When MJL had capacity, he made various gifts to political organisations and charities. After he lost capacity, a distribution of £2,445,000 was made to the family’s charitable foundation, from one of the family trusts, to which MJL would have had entitlement. MJL had expressed a wish that this money should be given to charity.
The case’s key issue centred on tax planning. It was argued for the Applicant that structuring one’s affairs to enhance the provision that can ultimately be made under one’s will for family and other beneficiaries is capable of being in a person’s best interests and that the Court could therefore properly conclude that the proposed gifts would be in MJL’s best interests. The Official Solicitor disagreed, arguing that “there could be no assumption that MJL would have embarked on tax planning and/or lifetime gifting or tax planning. The only assumption under the MCA 2005 is the assumption of capacity: Everything else requires an analysis of best interests under the principles of Section 4”. As MJL’s Litigation Friend, the Official Solicitor did not agree that the Applicant’s proposal was in MJL’s best interests and instead proposed a different scheme . Part of the argument was whether or not, given MJL’s left-of-centre political views, he would have indulged in tax planning had he the capacity to do so .

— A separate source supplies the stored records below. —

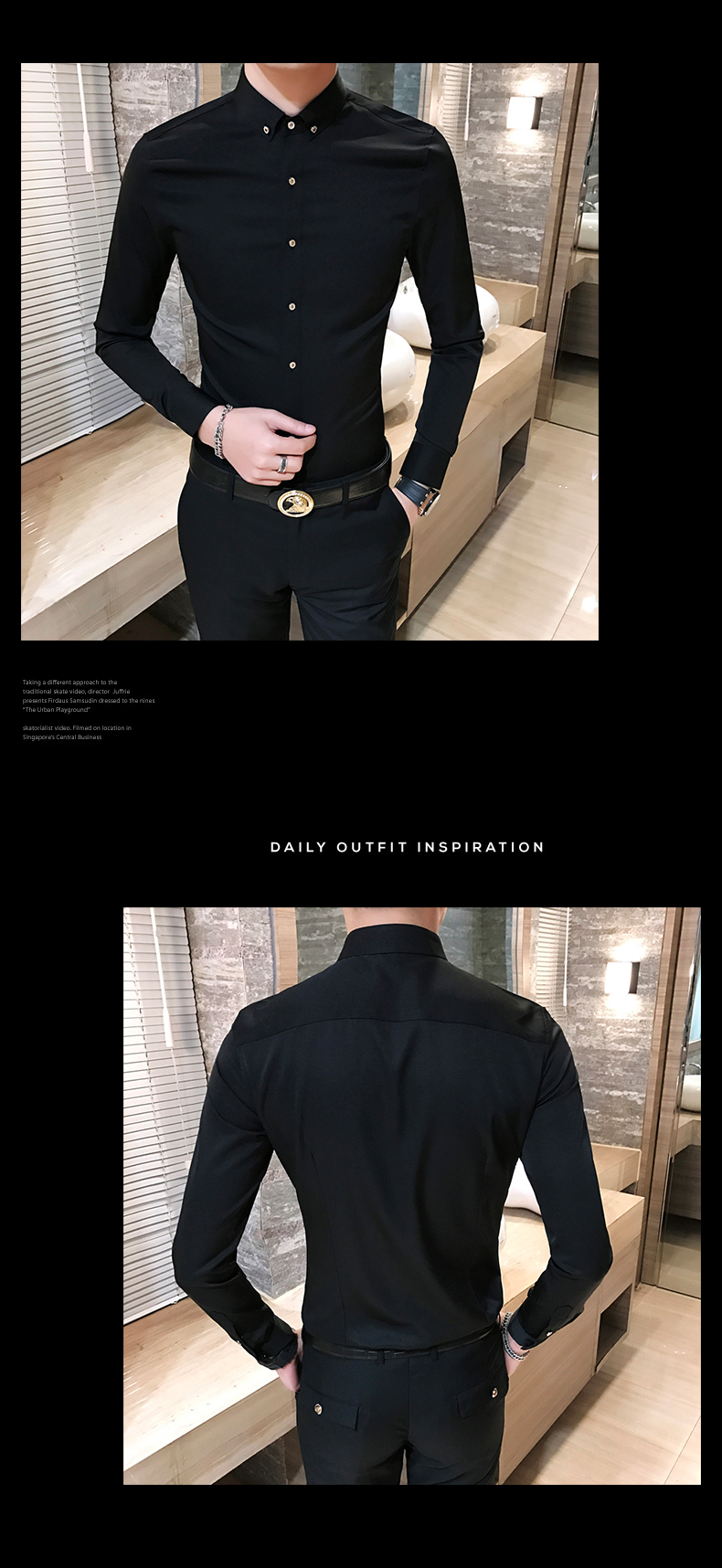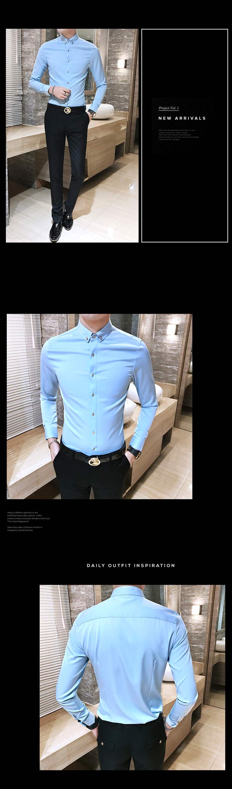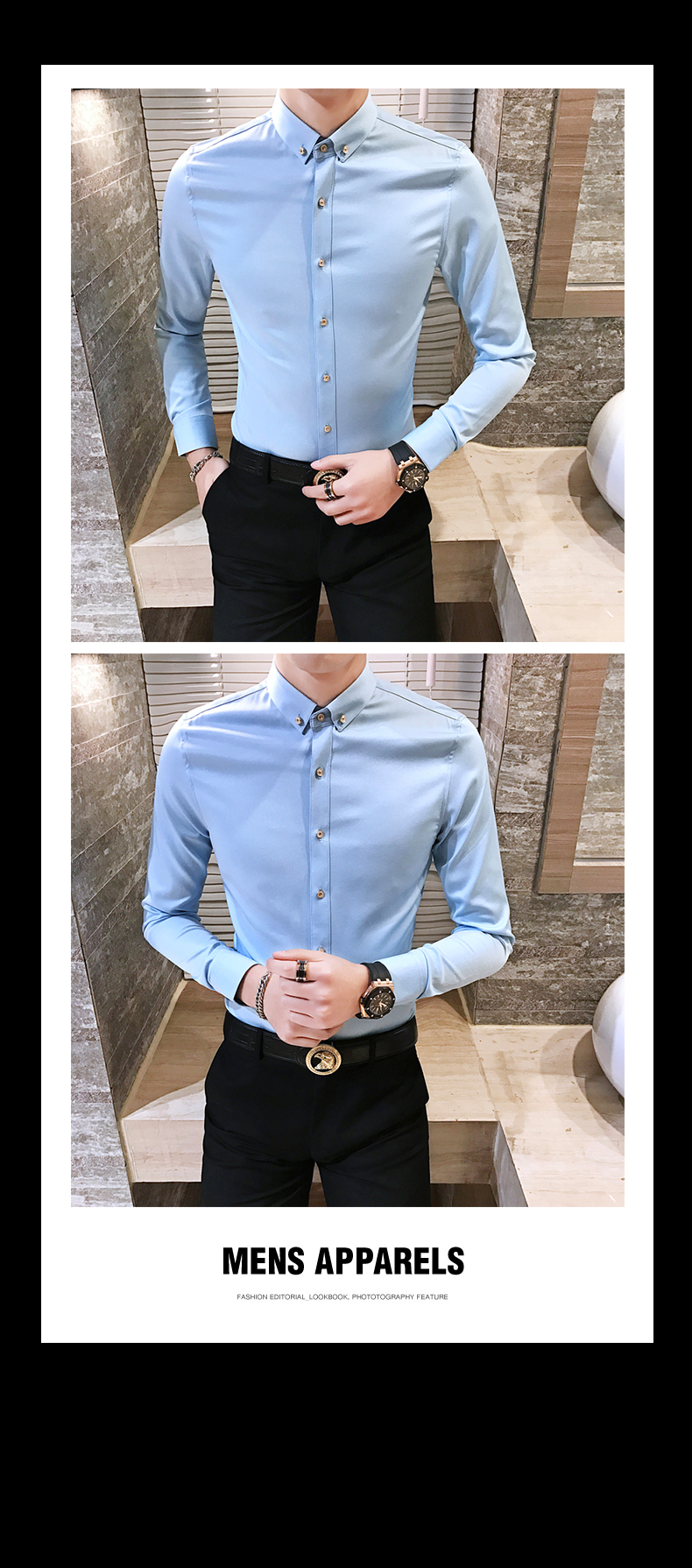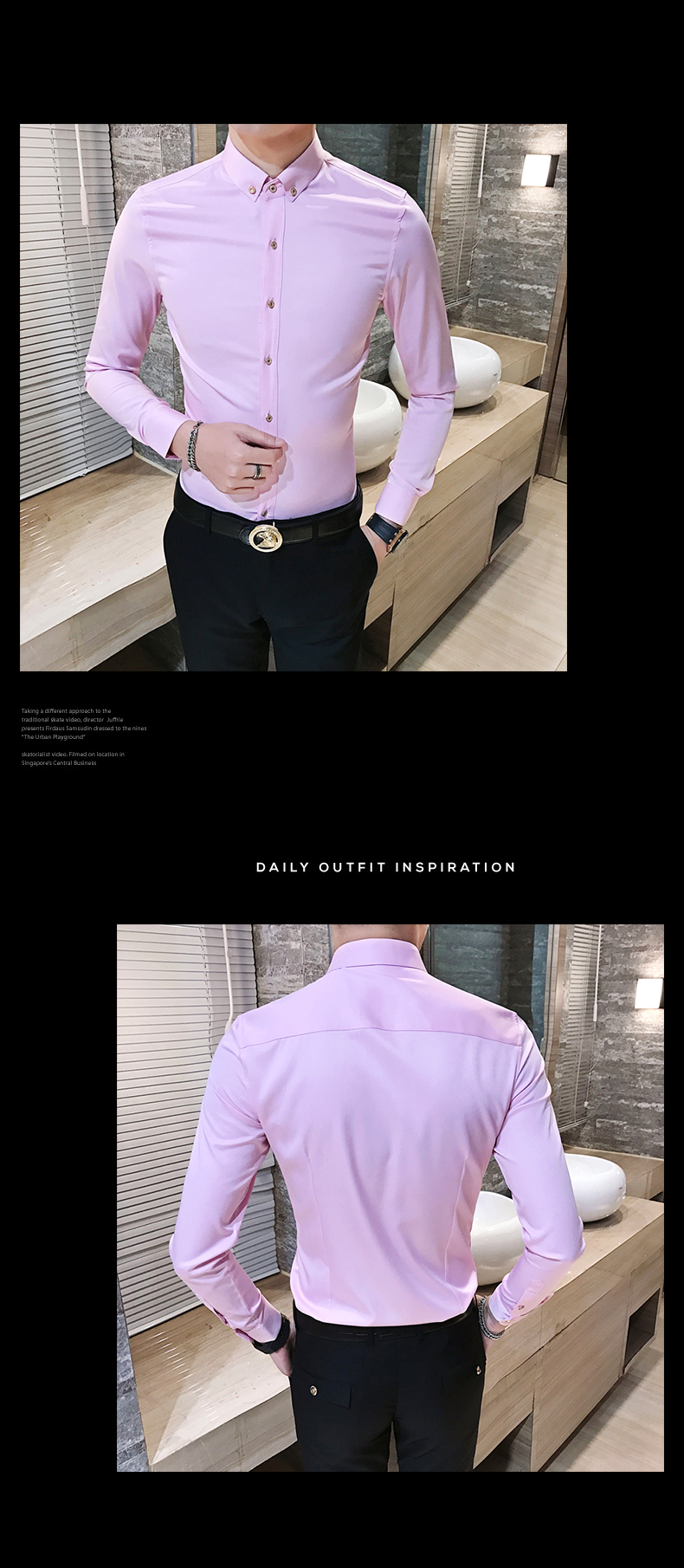 2019秋季新款長袖襯衫男士商務休閑純色立領襯衣男韓版修身酒紅色1入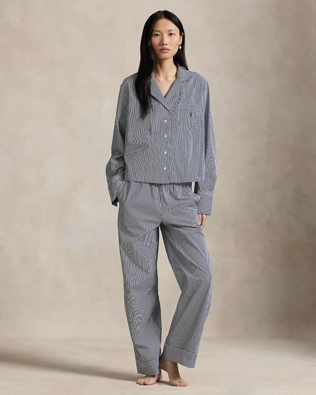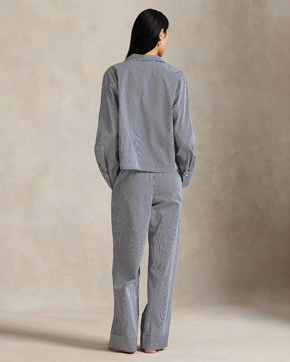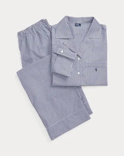 This two-piece pajama set is designed with classic shirting stripes and embroidered with our signature Pony. Crafted for comfort and longevity, its made with cotton poplin specially selected for its breathability and soft hand feel that will only get better over time. Ralpthth Lauren partners with Better Cotton™ to improve cotton farming globally. Better Cotton trains farmers to use water efficiently, care for the health of the soil and natural habitats, reduce use of the most harmful chemicals, and implement the principles of decent work.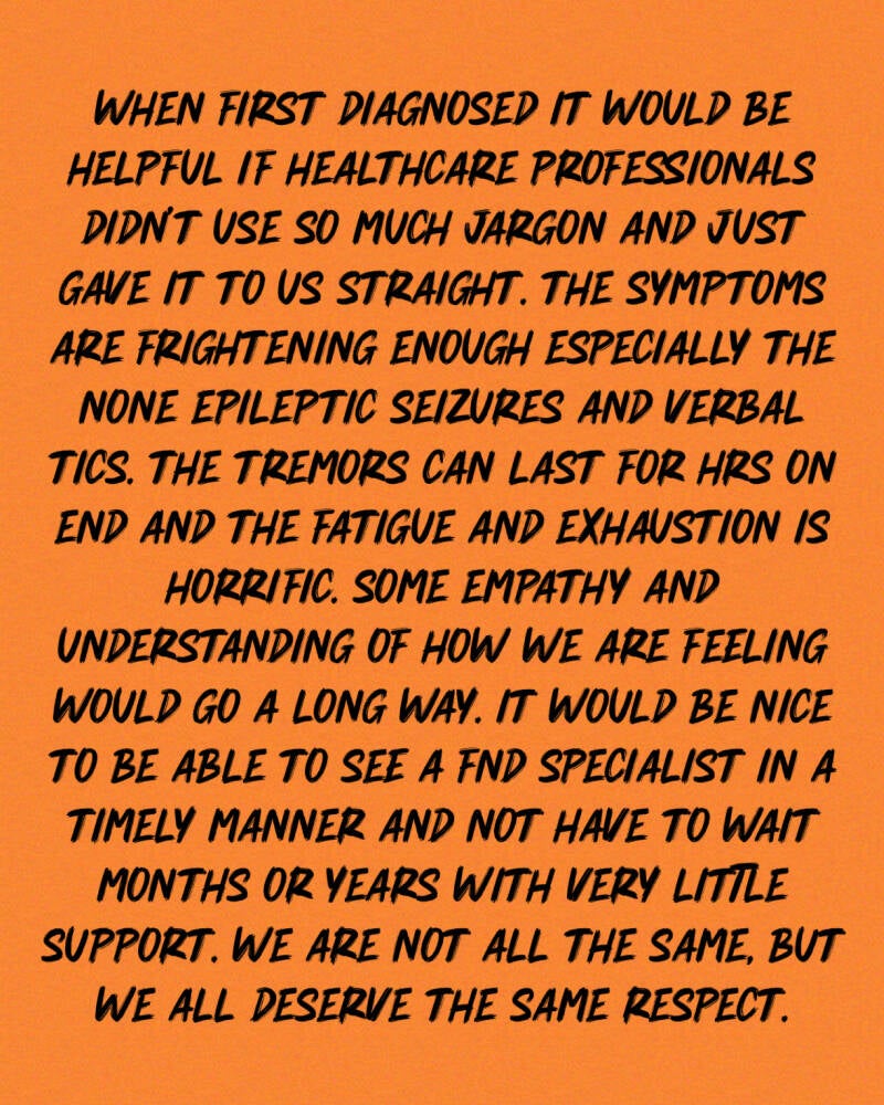 If you really want to understand FND.. how it works, how it feels, how it changes lives.. you need to listen to the people who live with it. We don’t get breaks. No days off. No time to pause. We are the constant in this condition. You want insight? We have it. You want to make a difference? Start with us.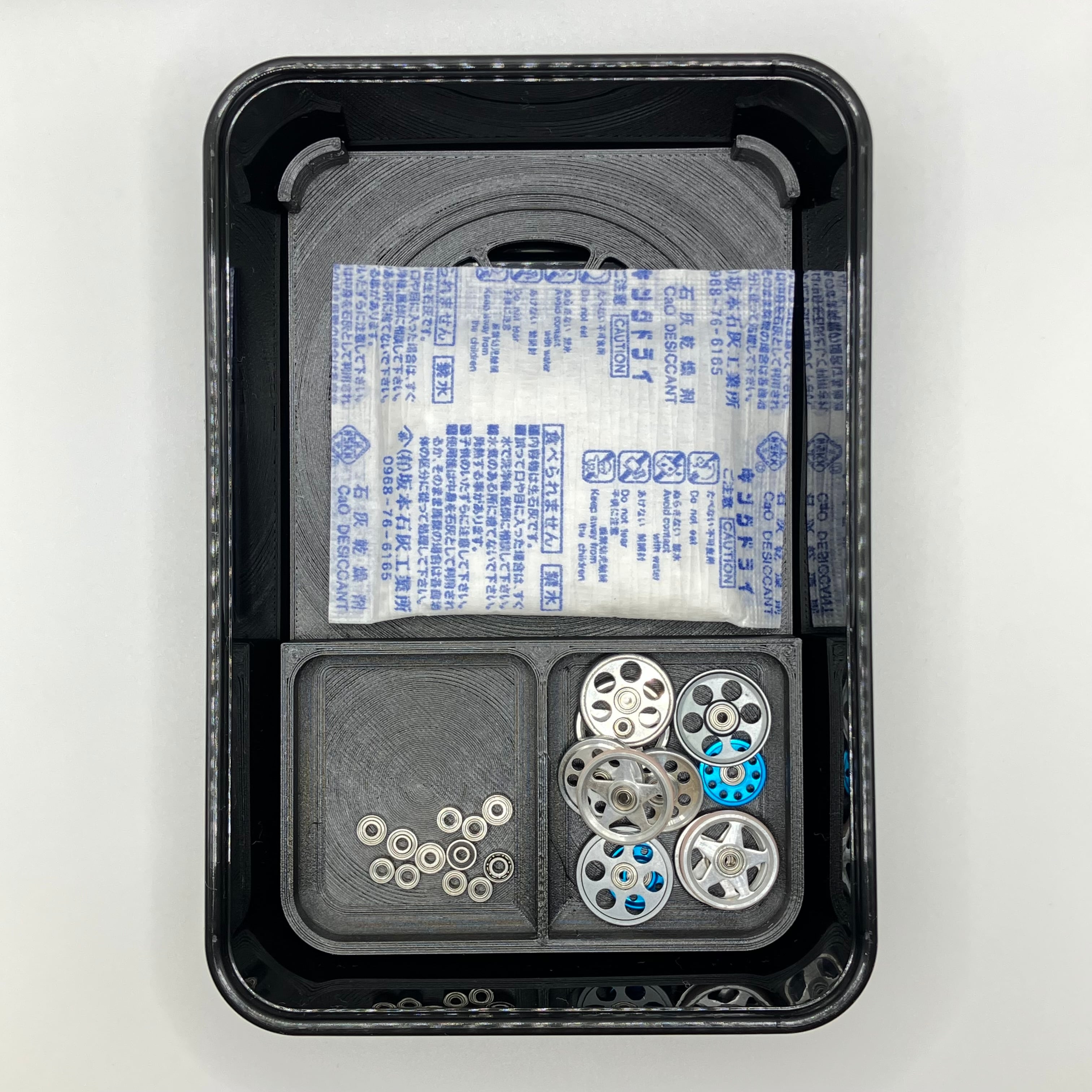 ミニ四駆のモーター、ベアリング、ターミナル等を保管する為のケースです。

The Court of Protection [District Judge Sarah Ellington] concluded that:
- the factors in favour of the proposed gifts supported by the Official Solicitor outweighed the factors against those gifts and the factors in favour of the gifts proposed by the Applicant
- gifting in different proportions between the will beneficiaries was not in MJL’s best interests
- the gifting proposed at paragraph 6 of the Official Solicitor’s position statement was authorised
- gifting as proposed in part 1 of the application was approved
- the family gifts fell within the deputy’s authority
- the gifts to political organisations continued what MJL had set up when he had capacity and were in his best interests.
In short, District Judge Ellington gave particular weight in carrying out the “balancing exercise” to the following:
- how MJL would want to be remembered
- the tax planning (or lack of it) that MJL had undertaken when he had capacity
- the extent to which he had made charitable donations when he had capacity
- his political views
- his feelings towards his family and their wealth
- the terms of his statutory will.
She did not, however, accept the proposition that structuring one’s affairs in a manner which enhances the provision that can ultimately be made under one’s will for family and other beneficiaries, clearly affects how a person is remembered.